We could see the sky turning orange as we started on the final push before losing sight of the horizon as we rounded the back of the mountain. It’s then one final steep scramble over rocks for another few metres before you reach the top and as we climbed over that final rock, a beautiful orange sky came into view.

As we sipped delicious tea and enjoyed some pancakes, the sun popped its head out and what a sight it was to see the sun rise over Kilimanjaro on a beautifully clear and cold 2016 morning.

What an amazing sight – sunrise over Kili from atop Mount Meru

It was twice as quick coming down and we could now see what we had walked up … not just the false peaks and rocks we had climbed over, but the walk along the crater rim. Perhaps walking up at night is not the worst thing in the world as all you have to focus on is your feet!

Now that it was daylight, we could see our route up along the crater as we descended.

We were back by half nine for a much needed breakfast before the long way down began … it took two hours until Miriakambe hut, the last very steep bit really hurting, and then a further two and a bit hours through the steeper forest route home. The final 100 m took us past a huge herd of resident buffalo and we arrived, rather knackered and sore, back to the main gate around 4. 30 pm.

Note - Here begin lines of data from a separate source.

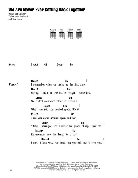 Hey guys! Ever find yourself humming along to that super catchy Taylor Swift tune, “We Are Never Ever Getting Back Together,” and wishing you could strum along? Well, you’re in luck! Today, we’re diving deep into the guitar chords that make this pop anthem so infectious. It’s one of those songs that just screams singalong potential, and learning the chords is your ticket to joining the party. Whether you’re a seasoned strumming pro or just starting out, this guide is designed to break down the magic behind those chords, making it totally accessible. We’ll explore the specific chords used, how they fit together to create that signature sound, and even give you some tips on strumming patterns that will get you sounding just like Taylor. This song is a fantastic one for beginners because it uses relatively simple chord progressions that are easy to get a handle on. So, grab your acoustic or electric guitar, tune it up, and let’s get ready to rock out to one of Taylor’s biggest hits. We’ll make sure you’re not just playing the chords, but you’re feeling the song, understanding the transitions and the rhythm that makes it all work. This isn’t just about hitting the right notes; it’s about capturing the attitude of the song. Get ready to become the life of the next campfire singalong or impress your friends with your newfound guitar skills. We’re going to go through it step-by-step, so no one gets left behind. It’s all about having fun and making music, and this song is the perfect vehicle for that. So, let’s stop talking and start playing, shall we? Prepare to master the chords to “We Are Never Ever Getting Back Together” and unleash your inner pop star. It’s going to be a blast, I promise!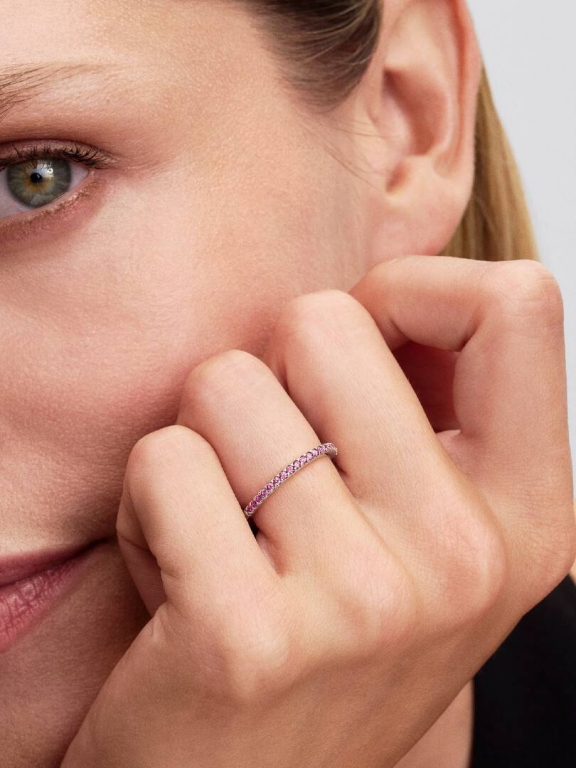 Brilho infindável para o seu amor infinito. Este aro em prata de lei 925 é cravado com zircónias rosa a toda a volta, simbolizando uma ligação interminável e brilho de todos os ângulos.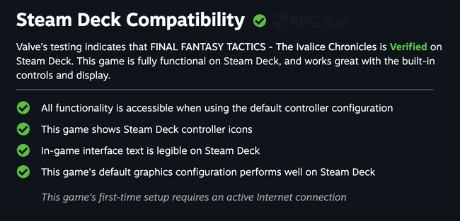 The Steam Deck rating for Final Fantasy Tactics - The Ivalice Chronicles from Square Enix has been updated from Playable to Verified by Valve.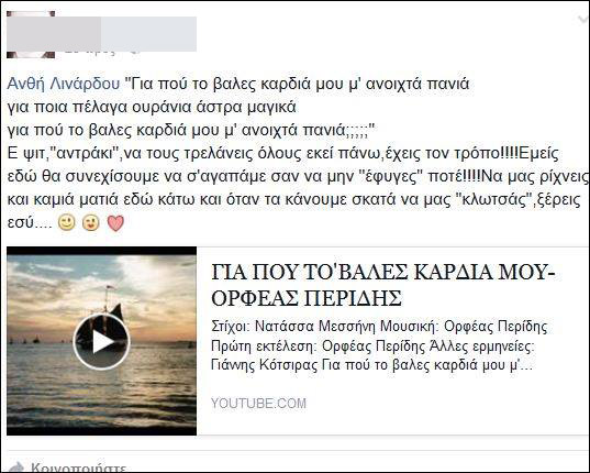 Από την στιγμή που βρέθηκε η σορός της 37χρονης σε χωράφι του συζυγοκτόνου, ο τοίχος της στο Facebook έχει γεμίσει από δεκάδες συγκινητικά μηνύματα ανθρώπων που τη γνώριζαν. Ένα που ξεχωρίζει είναι αυτό μιας φίλης της, η οποία ανέβασε το τραγούδι «Για πού το ‘βαλες καρδιά μου» του Ορφέα Περίδη με το ακόλουθο σχόλιο: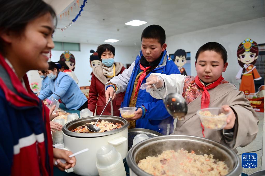 2月21日,在西安市浐灞第一中學(xué)舉行的藏歷新年團(tuán)拜活動(dòng)上,漢藏學(xué)生品嘗特色小吃。新華社記者 李一博 攝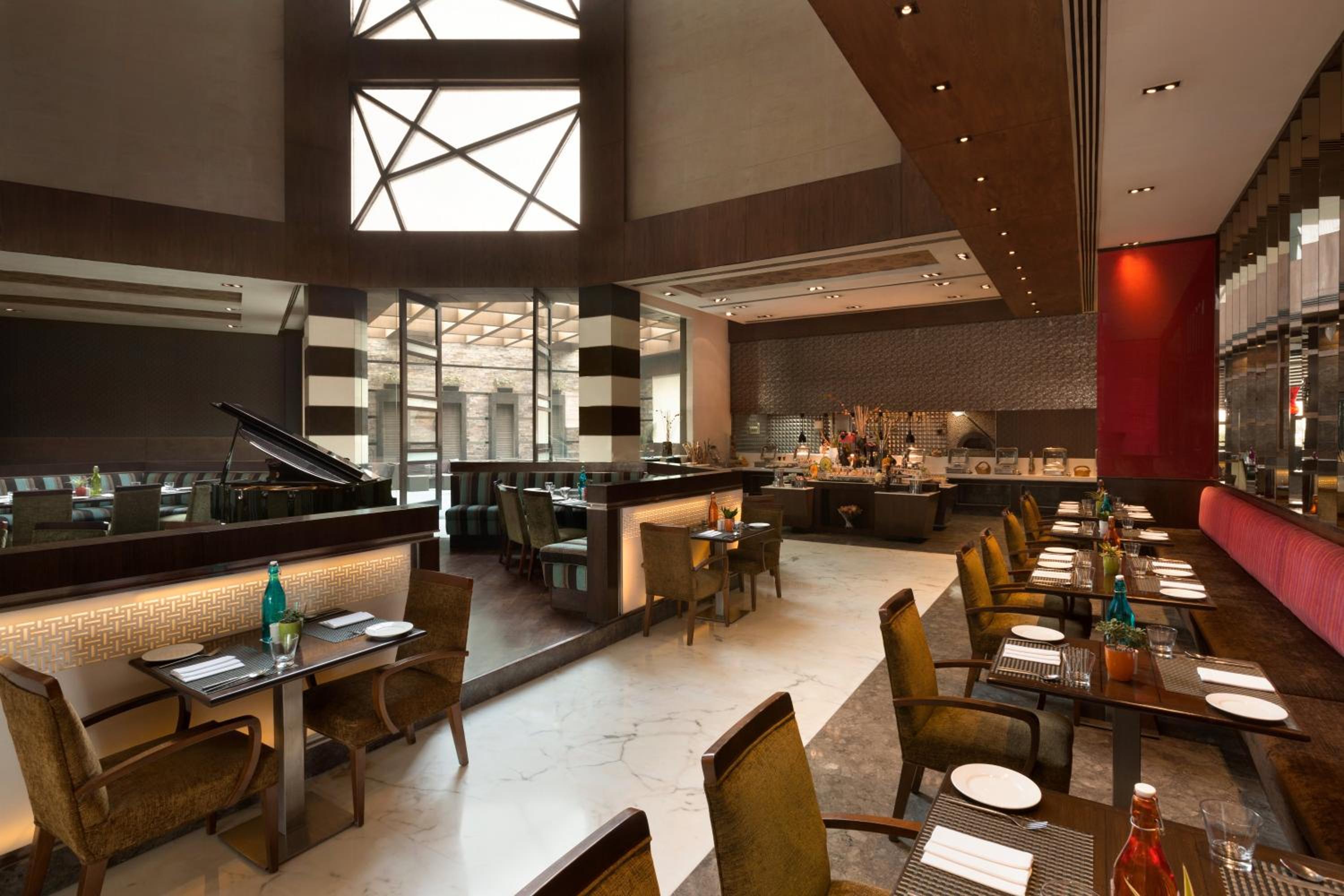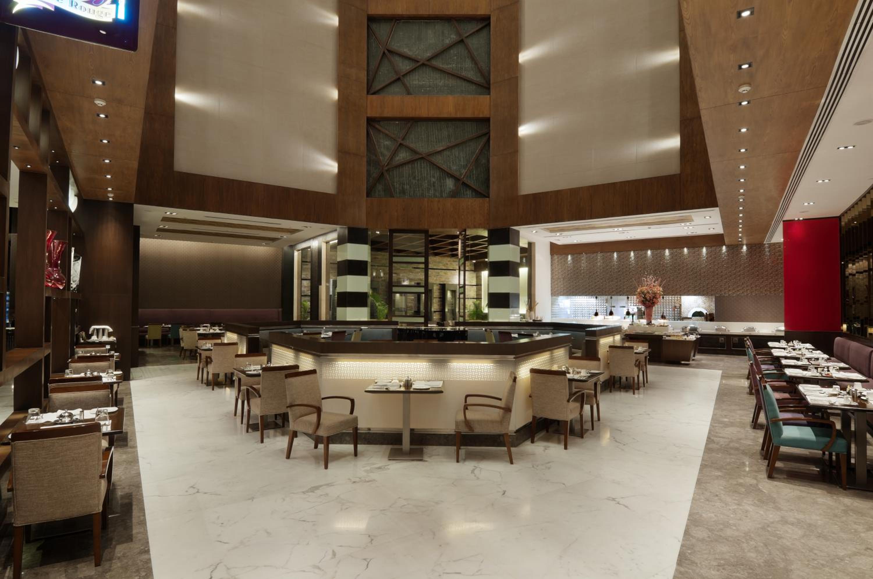 Indulge in a variety of cuisines at Ramada Gurgaon's dining options. Café Rouge offers Indian, Continental, and multi-cuisine dishes 24/7, while the Bar Lounge serves drinks and light snacks for a relaxing evening.

It was certainly a very long day and in hindsight, a ‘what should have been nine but as expected 12’ hour bus back to Dar es Salaam the next day was not the smartest idea! Never mind – we soon headed over to Zanzibar to do very little and after a day gingerly walking around Stone Town were soon back to normal.

Practical Information

We thoroughly enjoyed this trek and found Mount Meru to be both super rewarding trek and extremely beautiful. We also  loved how quiet the trail was. If budget and /or time and / or preference don’t allow for climbing Kilimanjaro, this is a wonderful alternative. And if you are planning to climb Kilimanjaro, trekking Mount Meru first would be fantastic preparation


Trekking in Tanzania is certainly not cheap. Park entrance fees are expensive, US$45/day for Arusha, while the huts cost $30/night. Add in the ranger fee, an emergency evacuation fee plus transport and the mandatory guide and porter fees (as noted above, you are not allowed to trek independently) and the best deal we could find was $150/day/person. While eating, sleeping and getting around Tanzania is very affordable, the activities are all charged in US $ and thus extremely expensive.

Three days or four?

You could break up the long third day by spending another night at Miriakambe hut but it is certainly possible to do in three if you don’t have the budget for a fourth day so don’t be put off. If you took the extra day, your ‘package’ would very likely include a safari round the Arusha National Park once you had completed the trek, which would be a lovely combination of activities to do (especially if you were not planning to spend more time on safari).


  1. posted by
    Apr 5, 2016 Reply

    Great to hear about alternatives! Thanks for the good tips! And another thing to add to the bucket list!

    • posted by
      Jumping Jazza
      Apr 7, 2016 Reply

      My pleasure and glad you enjoyed the article. It’s a really good one for the list!